From the biochemistry point of view, there are little evidences that suggest metabolic implications associated with ADD. Some studies suggest a correlation between cerebral hypoxia or anoxia and greater frequency of attention deficits and hyperactivity ^(4,5). ADD characteristics have been observed in children with epilepsy and seizure disorders ⁽⁶⁾.
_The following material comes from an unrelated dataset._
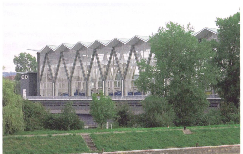
Kraftwerk Birsfelden, 1955 von Hans Hofmann.

Die drei Jahrzehnte Nachkriegsarchitektur – in der Schweiz und anderswo – lassen

Previous imaging studies have tried to indicate which brain regions might miss or overfunction in ADD. Magnetic Resonance Imaging (MRI) has demonstrated that the size of the posterior vermis of the cerebellum was significant decreased in males with ADD ⁽⁷⁾ as well as significant loss of normal right/left symmetry in the caudate, smaller right globus pallidus, smaller right anterior frontal region and reversal of normal lateral ventricular asymmetry ⁽⁸⁾. Swanson et al. ⁽⁹⁾ report a 10% decrease in the basal ganglia size (caudate nucleus and globus pallidus) in ADD. Volumetric studies report localized hemispheric structural anomalies, which are concordant with models of abnormal frontal-striatum and parietal function ⁽¹⁰⁾. However the most relevant information comes from the frontal regions. Previous studies from Functional Magnetic Resonance Imaging (fMRI) suggest an inability of the basal ganglia in the right frontal-striatum circuitry in suppressing outgoing stimulus ⁽¹¹⁾ or subnormal activation of the prefrontal systems responsible for higher-order motor control ⁽¹²⁾. The executive functions and working memory observed in ADD children show similar patterns to those observed in patients with some kind of mistake in the function of the frontal lobe or in the neuroanatomic regions there projected. Positron Emission Tomography (PET) realized at the premotor and superior prefrontal cortex show decreased glucose metabolism in adults with ADD ⁽¹³⁾. On the other hand, many studies report differences in the Electroencephalogram (EEG) patterns in ADD. Thus, adolescents were found to have increased anterior EEG absolute theta activity and reduced posterior relative beta activity compared with controls. These support the continuation of a maturational lag and reduced cortical arousal in adolescent ADD ⁽¹⁴⁾. Concepts from Niedermeyer and Naidu have relationated EEG patterns in ADHD with, not a damaged but, a lazy frontal lobe, which results in uninhibited motor activity and disturbed attention ⁽¹⁵⁾.

The purpose of our work was to determine 1H Magnetic Resonance Spectroscopy (1H-MRS) profile in children with ADD and compare them with Healthy Children (HC) and to correlate the findings with EEG patterns on the frontal lobe of ADD children.